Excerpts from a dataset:
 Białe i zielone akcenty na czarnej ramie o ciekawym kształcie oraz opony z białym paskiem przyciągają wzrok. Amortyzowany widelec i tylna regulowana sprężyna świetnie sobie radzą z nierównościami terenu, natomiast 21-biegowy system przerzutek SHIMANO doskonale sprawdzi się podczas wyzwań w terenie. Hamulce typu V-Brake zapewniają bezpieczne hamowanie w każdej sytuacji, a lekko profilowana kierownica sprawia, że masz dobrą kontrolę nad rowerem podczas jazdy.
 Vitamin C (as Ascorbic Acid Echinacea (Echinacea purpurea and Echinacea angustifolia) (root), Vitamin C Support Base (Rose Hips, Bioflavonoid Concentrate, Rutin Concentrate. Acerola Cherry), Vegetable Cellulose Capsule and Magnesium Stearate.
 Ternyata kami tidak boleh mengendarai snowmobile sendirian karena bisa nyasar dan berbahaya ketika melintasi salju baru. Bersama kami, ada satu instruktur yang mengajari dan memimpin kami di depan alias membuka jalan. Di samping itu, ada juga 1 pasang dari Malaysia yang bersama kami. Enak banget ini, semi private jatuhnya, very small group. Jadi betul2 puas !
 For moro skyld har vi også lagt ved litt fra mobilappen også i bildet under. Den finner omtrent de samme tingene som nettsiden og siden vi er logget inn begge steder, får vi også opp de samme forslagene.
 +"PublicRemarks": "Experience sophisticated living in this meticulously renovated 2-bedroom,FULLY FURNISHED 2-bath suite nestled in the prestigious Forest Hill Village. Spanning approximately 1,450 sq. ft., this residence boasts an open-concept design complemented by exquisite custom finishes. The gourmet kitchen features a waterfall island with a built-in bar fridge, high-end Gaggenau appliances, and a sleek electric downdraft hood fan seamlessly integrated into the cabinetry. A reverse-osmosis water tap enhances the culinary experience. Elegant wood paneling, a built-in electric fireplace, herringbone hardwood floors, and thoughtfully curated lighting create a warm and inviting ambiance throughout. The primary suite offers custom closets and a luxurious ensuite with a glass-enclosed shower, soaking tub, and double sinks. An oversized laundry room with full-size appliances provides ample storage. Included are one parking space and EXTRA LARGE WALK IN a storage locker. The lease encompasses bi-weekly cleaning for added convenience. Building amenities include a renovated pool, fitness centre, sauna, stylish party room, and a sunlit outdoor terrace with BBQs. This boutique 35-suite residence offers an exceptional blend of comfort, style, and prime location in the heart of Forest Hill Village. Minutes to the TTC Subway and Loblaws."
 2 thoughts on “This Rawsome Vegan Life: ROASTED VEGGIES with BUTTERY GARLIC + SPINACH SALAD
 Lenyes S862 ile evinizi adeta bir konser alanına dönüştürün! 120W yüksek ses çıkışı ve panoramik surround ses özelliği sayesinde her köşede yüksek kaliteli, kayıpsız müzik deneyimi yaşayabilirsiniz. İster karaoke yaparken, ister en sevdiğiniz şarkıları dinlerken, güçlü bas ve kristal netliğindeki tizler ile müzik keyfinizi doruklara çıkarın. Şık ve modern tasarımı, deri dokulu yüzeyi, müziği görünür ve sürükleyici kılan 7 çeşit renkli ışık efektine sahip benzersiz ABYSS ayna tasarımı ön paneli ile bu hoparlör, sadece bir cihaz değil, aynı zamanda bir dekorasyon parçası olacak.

**Work to be completed**
Retype, exactly and in full, the lines above from the one containing "Ternyata kami tidak" through the one containing "For moro skyld".

**Answer below**
 Ternyata kami tidak boleh mengendarai snowmobile sendirian karena bisa nyasar dan berbahaya ketika melintasi salju baru. Bersama kami, ada satu instruktur yang mengajari dan memimpin kami di depan alias membuka jalan. Di samping itu, ada juga 1 pasang dari Malaysia yang bersama kami. Enak banget ini, semi private jatuhnya, very small group. Jadi betul2 puas !
 For moro skyld har vi også lagt ved litt fra mobilappen også i bildet under. Den finner omtrent de samme tingene som nettsiden og siden vi er logget inn begge steder, får vi også opp de samme forslagene.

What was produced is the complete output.